START Data supplied

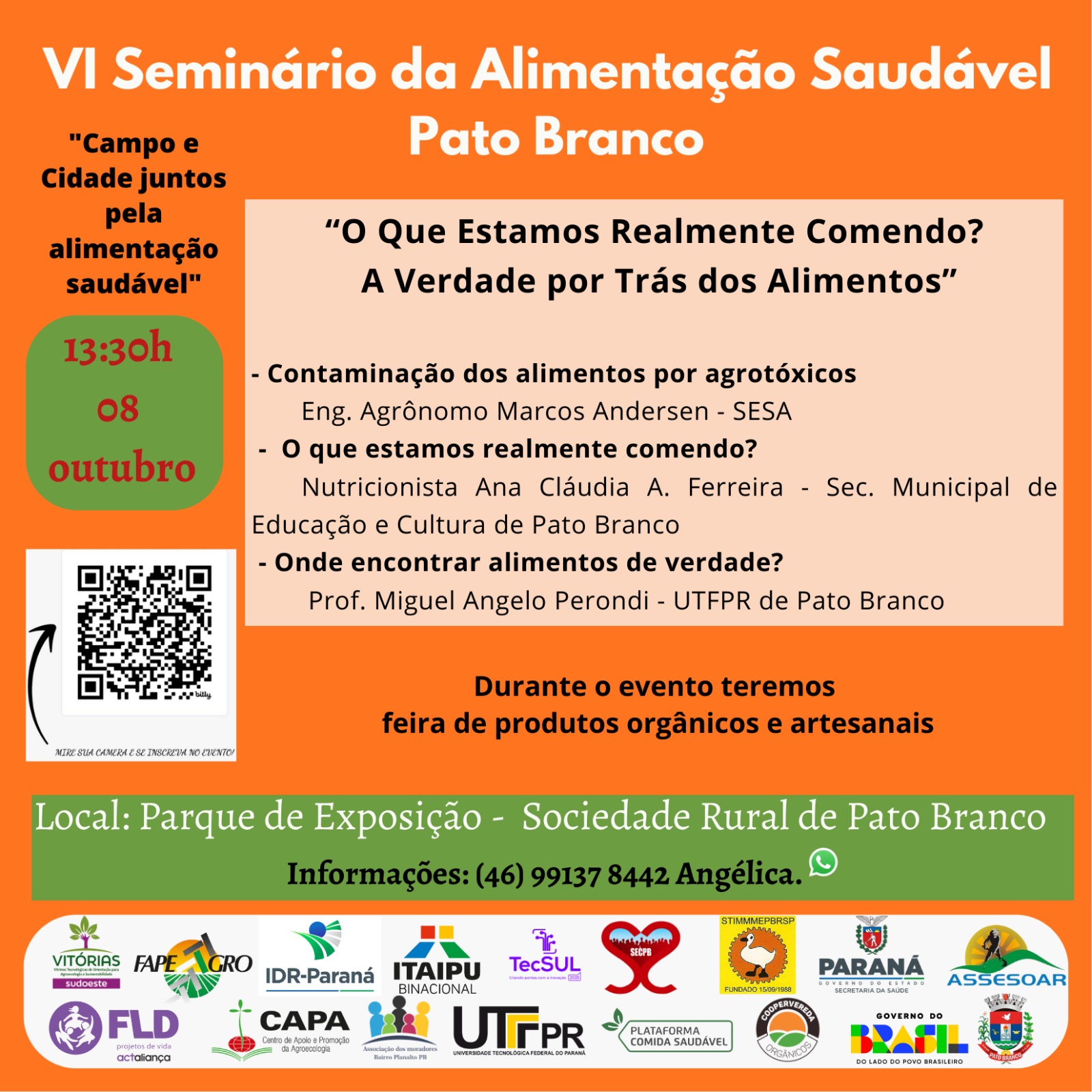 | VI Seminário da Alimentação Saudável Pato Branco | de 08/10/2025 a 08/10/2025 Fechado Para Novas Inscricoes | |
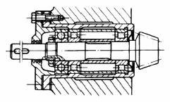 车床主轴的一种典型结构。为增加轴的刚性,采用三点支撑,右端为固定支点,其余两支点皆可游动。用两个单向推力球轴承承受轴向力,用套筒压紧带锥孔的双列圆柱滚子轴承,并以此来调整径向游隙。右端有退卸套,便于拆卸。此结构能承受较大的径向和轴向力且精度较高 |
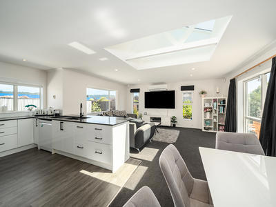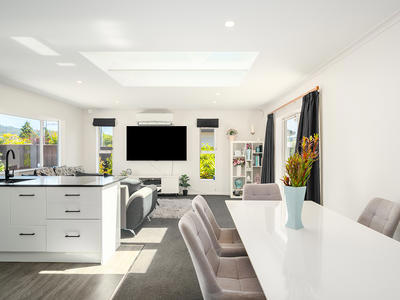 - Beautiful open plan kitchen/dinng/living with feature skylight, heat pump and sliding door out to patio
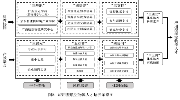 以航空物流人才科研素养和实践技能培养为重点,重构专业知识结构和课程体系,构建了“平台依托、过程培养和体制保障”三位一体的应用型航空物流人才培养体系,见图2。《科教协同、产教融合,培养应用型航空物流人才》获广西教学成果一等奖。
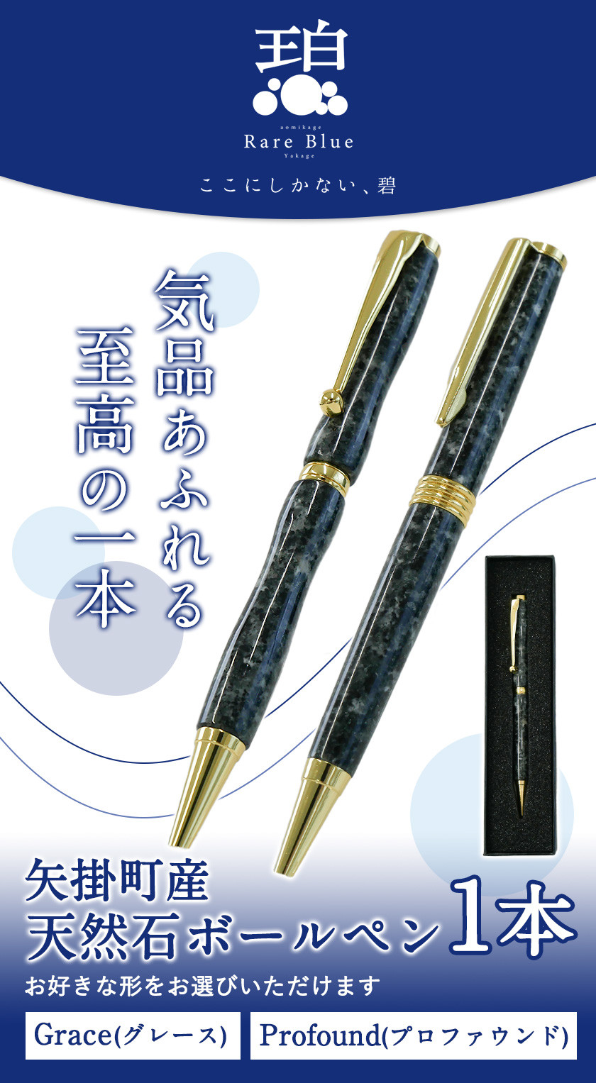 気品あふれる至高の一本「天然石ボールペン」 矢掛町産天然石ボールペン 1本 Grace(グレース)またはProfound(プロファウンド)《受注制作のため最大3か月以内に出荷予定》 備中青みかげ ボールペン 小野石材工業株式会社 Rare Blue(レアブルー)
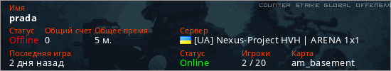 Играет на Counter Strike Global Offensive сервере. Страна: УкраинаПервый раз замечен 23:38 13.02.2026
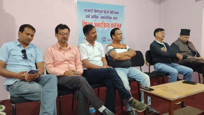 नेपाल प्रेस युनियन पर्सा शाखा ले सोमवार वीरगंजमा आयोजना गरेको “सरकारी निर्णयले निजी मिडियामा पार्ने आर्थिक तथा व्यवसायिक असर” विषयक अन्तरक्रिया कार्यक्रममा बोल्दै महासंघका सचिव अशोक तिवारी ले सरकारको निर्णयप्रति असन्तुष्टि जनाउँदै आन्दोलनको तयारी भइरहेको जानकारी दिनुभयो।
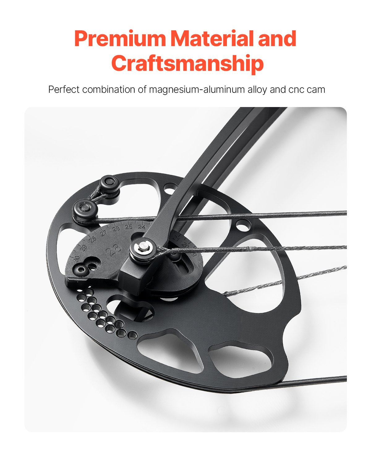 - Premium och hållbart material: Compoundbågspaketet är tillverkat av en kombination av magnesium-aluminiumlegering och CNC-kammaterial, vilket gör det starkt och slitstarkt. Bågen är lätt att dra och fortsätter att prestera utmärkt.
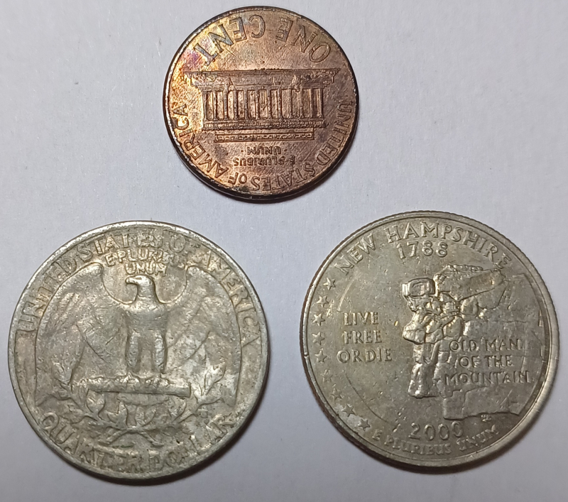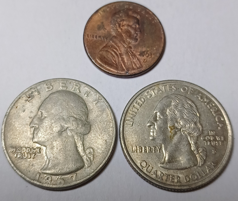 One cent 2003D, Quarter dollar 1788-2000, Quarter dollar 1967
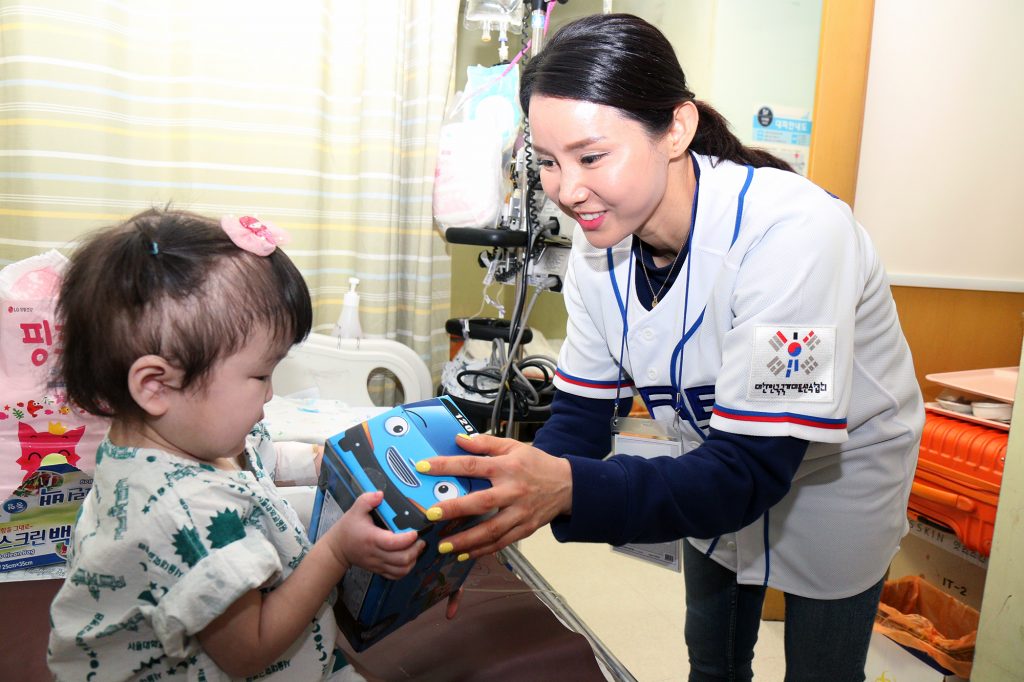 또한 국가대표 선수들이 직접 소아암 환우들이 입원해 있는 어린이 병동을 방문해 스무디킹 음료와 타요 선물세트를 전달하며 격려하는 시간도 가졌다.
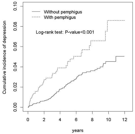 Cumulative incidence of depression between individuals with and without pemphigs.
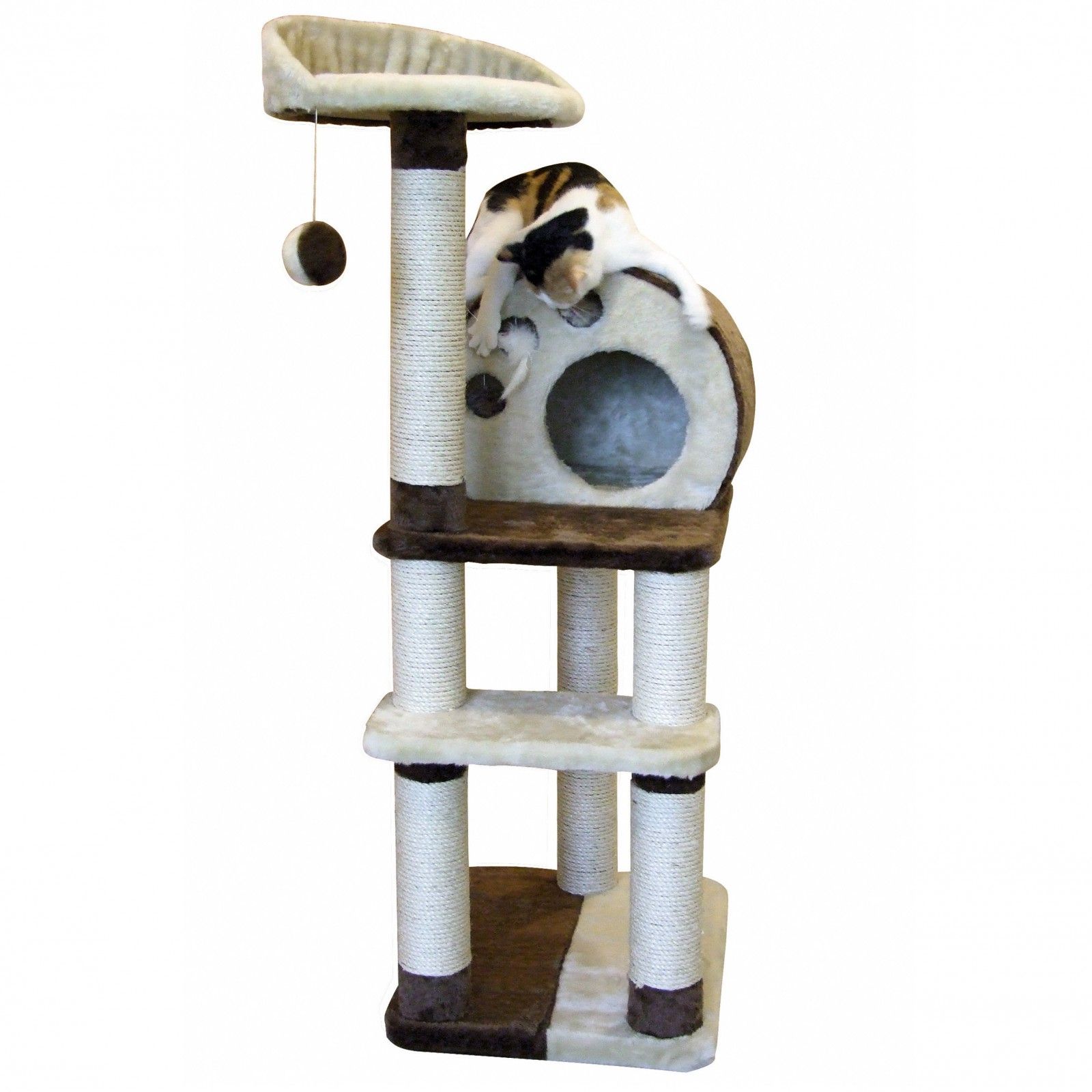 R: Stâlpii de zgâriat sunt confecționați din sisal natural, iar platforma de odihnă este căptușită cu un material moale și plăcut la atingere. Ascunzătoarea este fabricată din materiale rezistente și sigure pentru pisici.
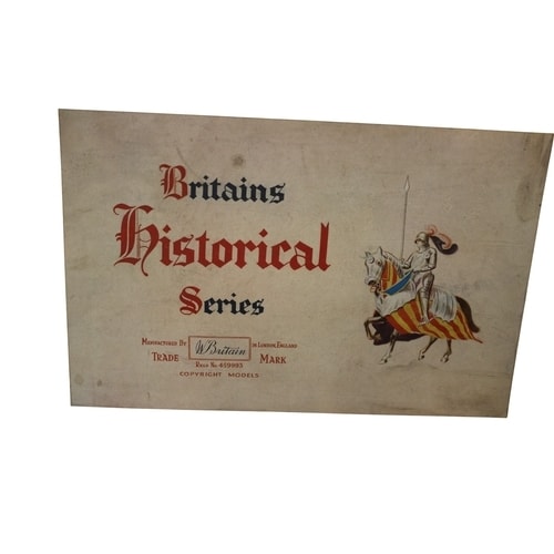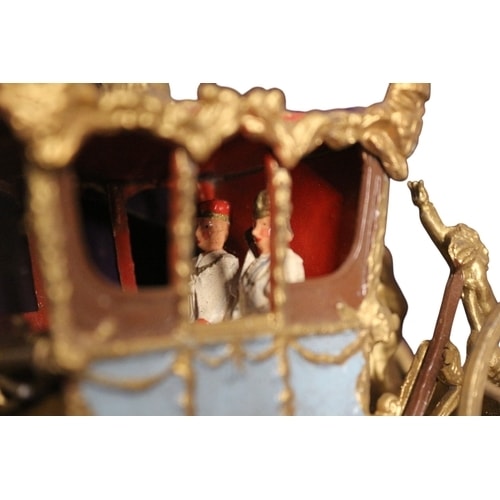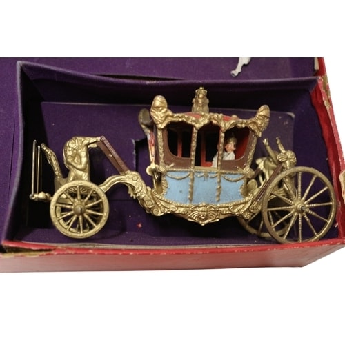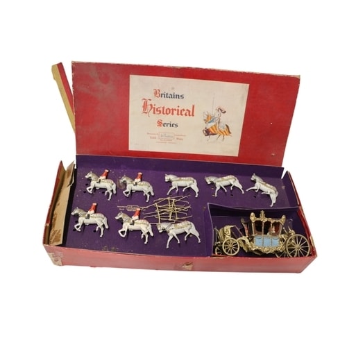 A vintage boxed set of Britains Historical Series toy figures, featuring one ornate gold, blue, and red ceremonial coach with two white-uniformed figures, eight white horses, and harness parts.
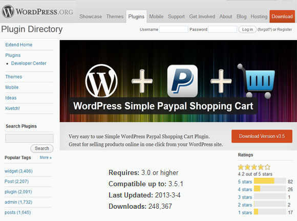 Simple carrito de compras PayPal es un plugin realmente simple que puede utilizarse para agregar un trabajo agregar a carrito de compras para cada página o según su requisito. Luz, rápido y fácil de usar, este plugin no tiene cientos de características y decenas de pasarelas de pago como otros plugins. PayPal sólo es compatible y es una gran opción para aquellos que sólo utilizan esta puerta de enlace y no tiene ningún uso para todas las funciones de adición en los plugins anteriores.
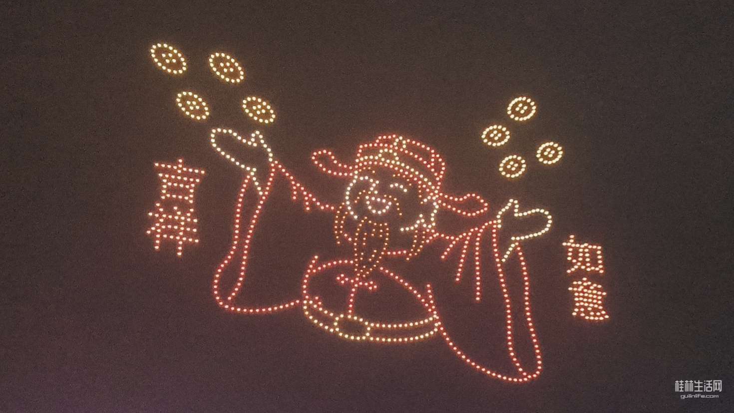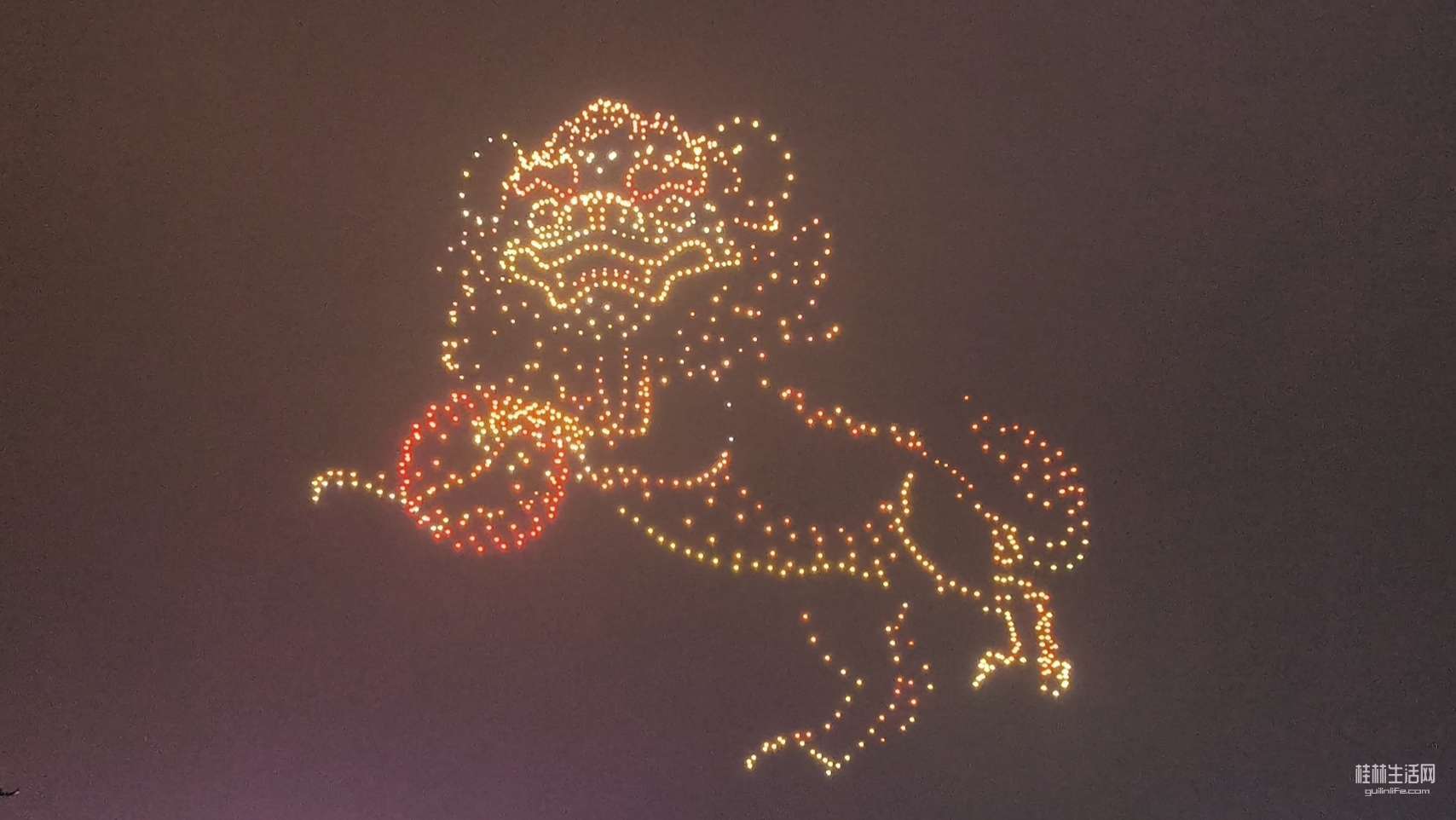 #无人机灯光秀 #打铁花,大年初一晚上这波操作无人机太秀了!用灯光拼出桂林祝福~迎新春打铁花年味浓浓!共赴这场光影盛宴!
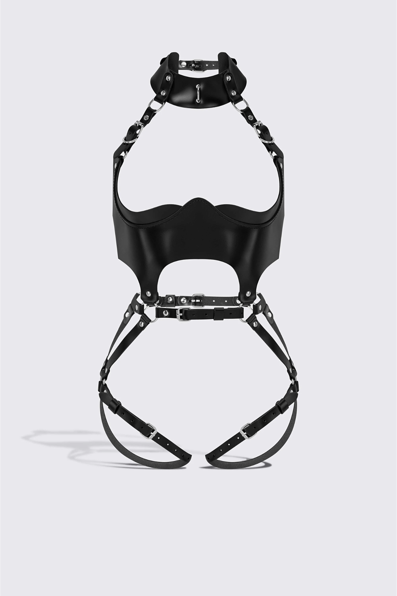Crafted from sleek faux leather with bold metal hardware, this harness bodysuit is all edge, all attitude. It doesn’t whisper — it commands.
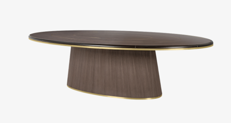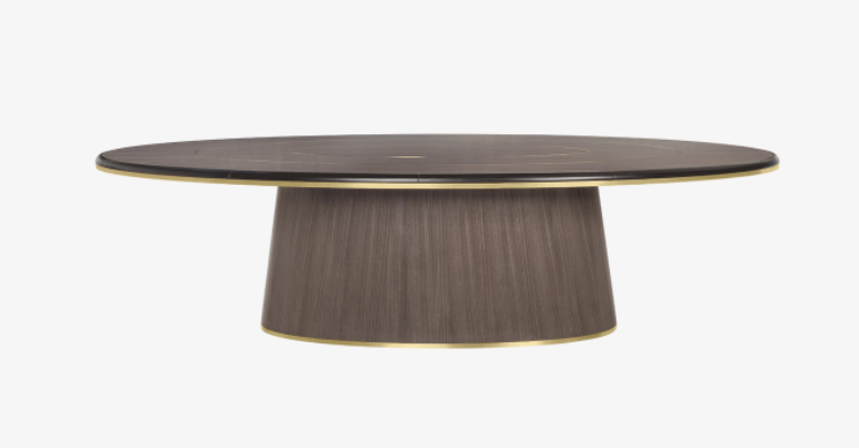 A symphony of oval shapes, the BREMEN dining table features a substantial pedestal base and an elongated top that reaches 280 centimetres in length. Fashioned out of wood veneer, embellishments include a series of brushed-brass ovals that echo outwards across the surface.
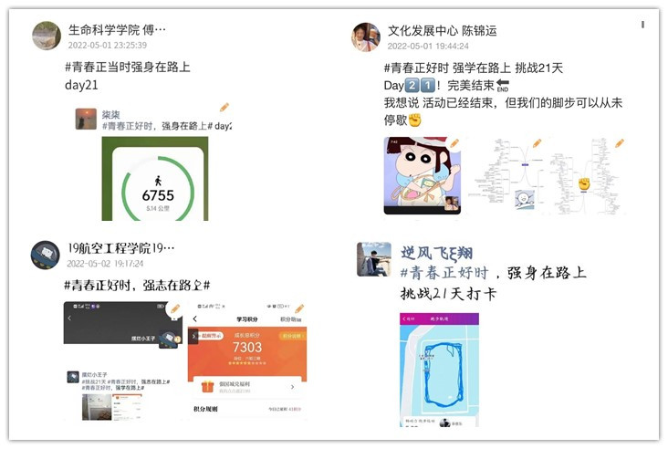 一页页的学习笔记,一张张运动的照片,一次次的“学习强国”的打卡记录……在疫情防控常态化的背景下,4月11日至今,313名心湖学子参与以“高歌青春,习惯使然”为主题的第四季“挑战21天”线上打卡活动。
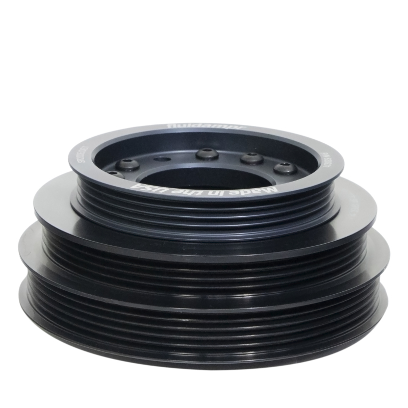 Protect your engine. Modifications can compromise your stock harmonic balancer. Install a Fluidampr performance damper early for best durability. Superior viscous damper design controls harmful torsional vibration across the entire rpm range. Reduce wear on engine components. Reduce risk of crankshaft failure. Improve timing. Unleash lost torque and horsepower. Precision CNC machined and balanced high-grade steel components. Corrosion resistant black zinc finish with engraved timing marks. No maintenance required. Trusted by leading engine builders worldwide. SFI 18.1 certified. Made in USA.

END Data supplied

- _Action item_
Write out exactly the run of lines above that starts at the line containing "नेपाल प्रेस युनियन" and ends at the line containing "#无人机灯光秀 #打铁花,大". Include both, and leave the pictures out.

- _Your response_
 नेपाल प्रेस युनियन पर्सा शाखा ले सोमवार वीरगंजमा आयोजना गरेको “सरकारी निर्णयले निजी मिडियामा पार्ने आर्थिक तथा व्यवसायिक असर” विषयक अन्तरक्रिया कार्यक्रममा बोल्दै महासंघका सचिव अशोक तिवारी ले सरकारको निर्णयप्रति असन्तुष्टि जनाउँदै आन्दोलनको तयारी भइरहेको जानकारी दिनुभयो।
 - Premium och hållbart material: Compoundbågspaketet är tillverkat av en kombination av magnesium-aluminiumlegering och CNC-kammaterial, vilket gör det starkt och slitstarkt. Bågen är lätt att dra och fortsätter att prestera utmärkt.
 One cent 2003D, Quarter dollar 1788-2000, Quarter dollar 1967
 또한 국가대표 선수들이 직접 소아암 환우들이 입원해 있는 어린이 병동을 방문해 스무디킹 음료와 타요 선물세트를 전달하며 격려하는 시간도 가졌다.
 Cumulative incidence of depression between individuals with and without pemphigs.
 R: Stâlpii de zgâriat sunt confecționați din sisal natural, iar platforma de odihnă este căptușită cu un material moale și plăcut la atingere. Ascunzătoarea este fabricată din materiale rezistente și sigure pentru pisici.
 A vintage boxed set of Britains Historical Series toy figures, featuring one ornate gold, blue, and red ceremonial coach with two white-uniformed figures, eight white horses, and harness parts.
 Simple carrito de compras PayPal es un plugin realmente simple que puede utilizarse para agregar un trabajo agregar a carrito de compras para cada página o según su requisito. Luz, rápido y fácil de usar, este plugin no tiene cientos de características y decenas de pasarelas de pago como otros plugins. PayPal sólo es compatible y es una gran opción para aquellos que sólo utilizan esta puerta de enlace y no tiene ningún uso para todas las funciones de adición en los plugins anteriores.
 #无人机灯光秀 #打铁花,大年初一晚上这波操作无人机太秀了!用灯光拼出桂林祝福~迎新春打铁花年味浓浓!共赴这场光影盛宴!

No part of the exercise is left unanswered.